Ultimately this is not a precision/recall calculation question but rather a sample labelling/data quality one. To that extent, there are no silver bullets. If we are unwilling to invest the time we cannot expect to get the appropriate answer. I would suggest starting with a literature review to construct a loose prior about the proportion $p$. Then we do ahead with random sampling and we update that posterior as we move forward.
As already mentioned, precision and recall might not be the best metrics to employ. In an imbalanced learning setting, assigning relevant misclassification costs can be very helpful. This can help you choose the threshold for the actual label assignment given (well-calibrated) probabilistic estiamtes.

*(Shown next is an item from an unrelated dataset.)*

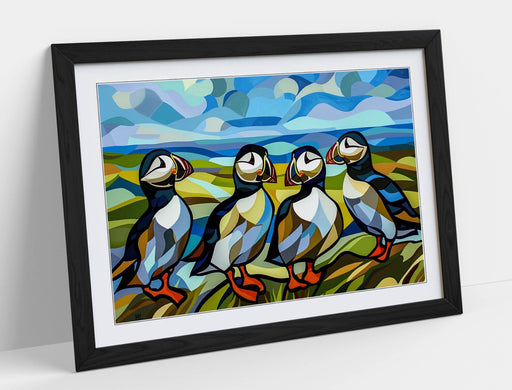 Framed Wall Art | Group of Puffins Seaside Coastal Home Decor Poster Print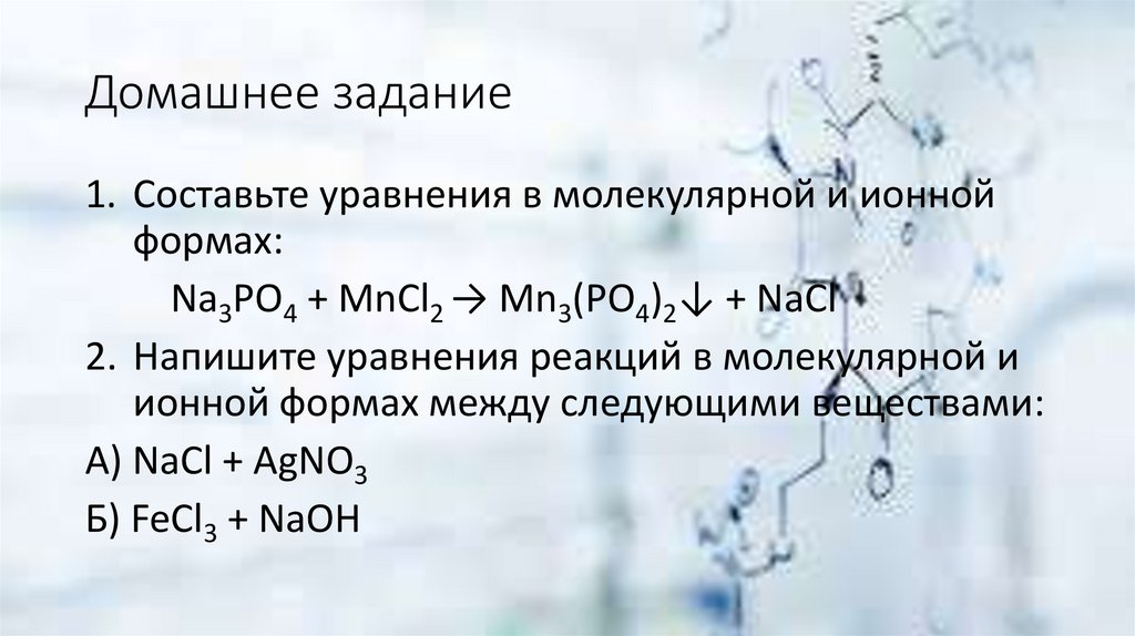 Домашнее задание1. Составьте уравнения в молекулярной и ионной

Regarding the "smart sampling methods" commentary:
While counter-intuitive my suggestion would be to avoid them for now. Stick with simple random sampling (SRS) in order to have an unbiased baseline. It is tempting to start thinking about active learning or other domain adaptation methods applied to sample bias correction. These methods can be great if we are trying to indeed find positives and/or find a way to distinguish positive from negative examples (in short, we would try to sample near our classifier's decision boundary). They would nevertheless give us a biased view of what is the true baseline rate without a way of de-biasing it if we do not already have access to some unbiased dataset. That is not "ML's fault", even more classical statistics methods to debias convenience samples/observational data (e.g. importance sampling or post-stratification) will need to have some known population/reference distribution to work with. If that is unavailable, their applicability is moot. Therefore start with SRS (or some relatively straightforward sampling strategy) to build that reference distribution and then do something fancier.